One of the most critical aspects of exceptionality is the impact of culture, ethnicity, and identity on students. Recently, teachers, parents, students, and practitioners came together for The Future is Inclusive - Neuro and Culturally Diverse Symposium. This virtual conference was the first event of its kind to specifically address how to support culturally diverse twice-exceptional students and to discuss the intersectionality of neuro and cultural diversity and its implications for students’ education and well-being. Bridges 2e Center organized and hosted the symposium.
The symposium opened with a panel discussion of parents and students from a wide range of cultural backgrounds. The speakers shared their lived experiences. Common themes for the parents’ discussions were about honoring their cultural backgrounds while carving new paths for their own children and families. After each panel member spoke, participants moved into small breakout discussions, giving them the opportunity to converse and network with one another. One of the primary goals of the symposium was to create a community of unique voices and allow people to come together by sharing their personal stories.

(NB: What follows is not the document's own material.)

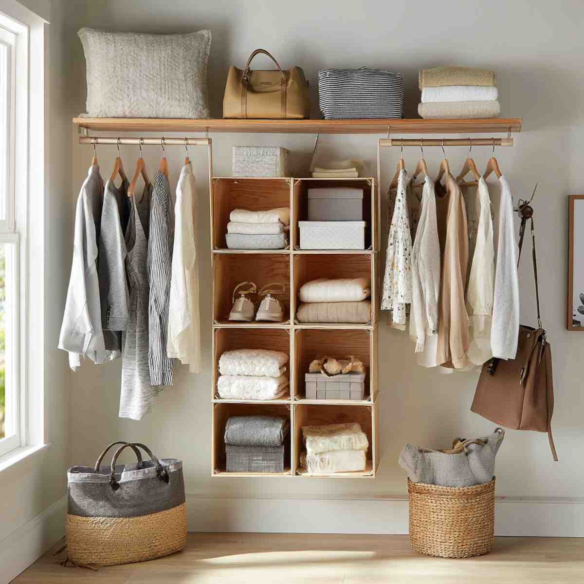 Cube-style units are smart Closet Hanging Shelf Ideas that create individual compartments for better organization. Each cube can hold a specific category, such as t-shirts, accessories, or kids’ clothing.

Dr. Joy Lawson Davis, a cultural diversity expert, focused on the urgency of championing the inclusivity movement now when so many children face educational, social, and emotional hardships due to a lack of awareness about how to best support diverse students. Dr. Davis invited the participants to “help the nation, help the world, help the land understand these children better – how to meet their intellectual needs, their academic needs, their psychosocial needs.”
In the “Applied Knowledge is Power” session, Dr. Anne Gray, Dr. Nielsen Perei...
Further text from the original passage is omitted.